Usdaw is calling for a fundamental review of business rates as part of a wider recovery plan to be developed with trade unions and retail employers, which should also include:
An immediate and comprehensive review of rental values and lease arrangements. In the short-term measures are needed to prevent commercial landlords taking legal action for rental defaults during the lockdown period. In the medium term, a rebalancing of the relationship between landlords and tenants is required.
Reform of UK tax law to ensure that companies pay their fair share of tax through tackling tax avoidance and the use of offshore havens, with the aim of creating a level playing field between online and high street retailers.
Funding for local authorities so they can invest in their local economy, transport networks and high streets. We cannot revive our high streets if core services continue to be undermined.
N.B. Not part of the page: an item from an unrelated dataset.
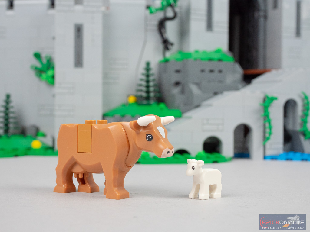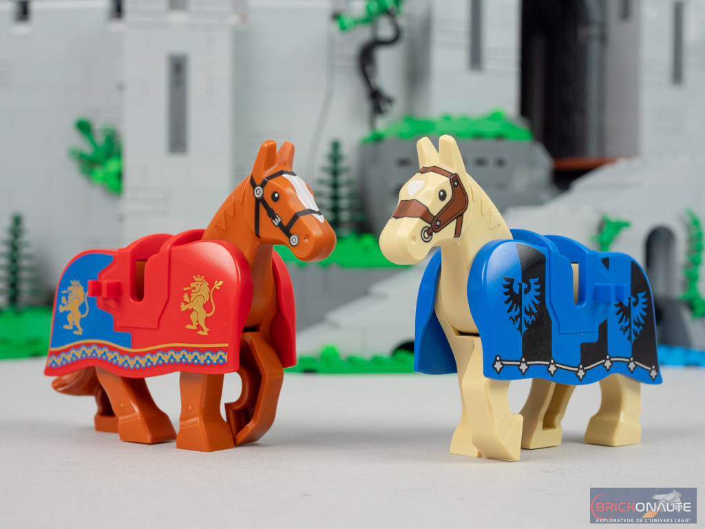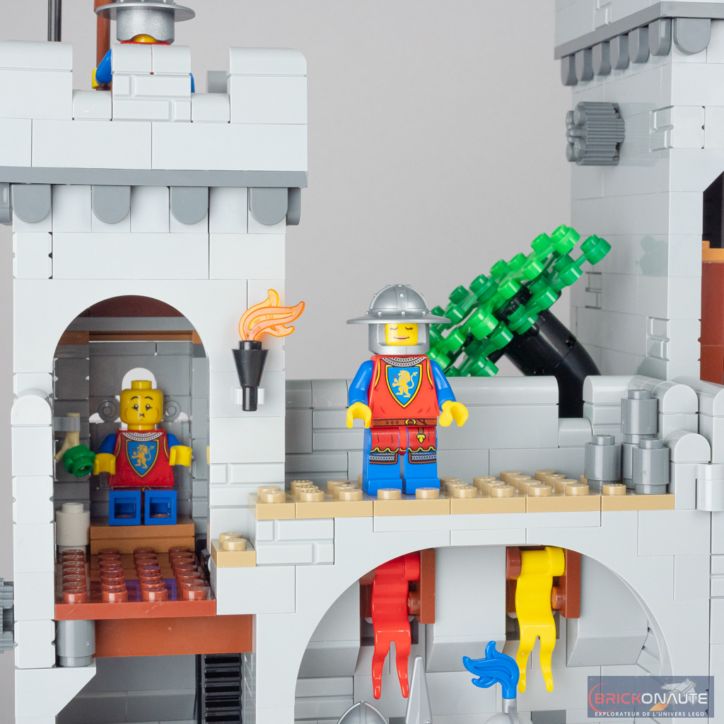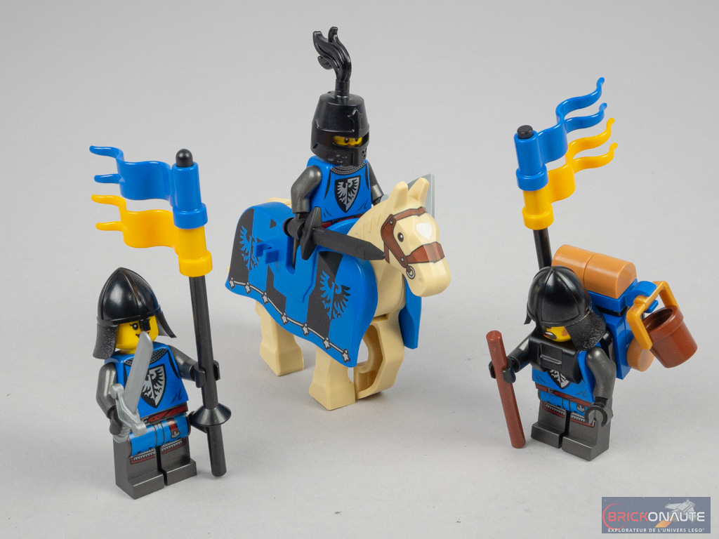 Autre bon point en termes de jouabilité, la grosse sélection de minifigs. Je vous laisse lire le chapitre détaillé que je leur consacre un peu plus haut pour en savoir plus à leur sujet, mais elles sont globalement très bien réalisées. Si on pourra considérer qu’elles ne sont pas si variées que cela (avec par exemple 9 Chevaliers du Lion sur les 21 personnages), on se ravisera en observant la très grande variété de têtes, de casques, d’armes et d’accessoires aussi divers que variés qu’elles peuvent porter.

Investment in skills for retail workers, including through union learning and high-quality apprenticeships. This should include an in-depth assessment of emerging trends and potential skills shortages/gaps within the sector.
A new deal for retail, distribution and home delivery workers based around a real living wage and guaranteed hours.
Note to editors
Usdaw (Union of Shop, Distributive and Allied Workers)
is the UK's fifth biggest trade union with over 400,000 members. Membership has increased by more than one-third over the last couple of decades. Most Usdaw members work in the retail sector, but the union also has many members in transport, distribution, food manufacturing, chemicals and other trades.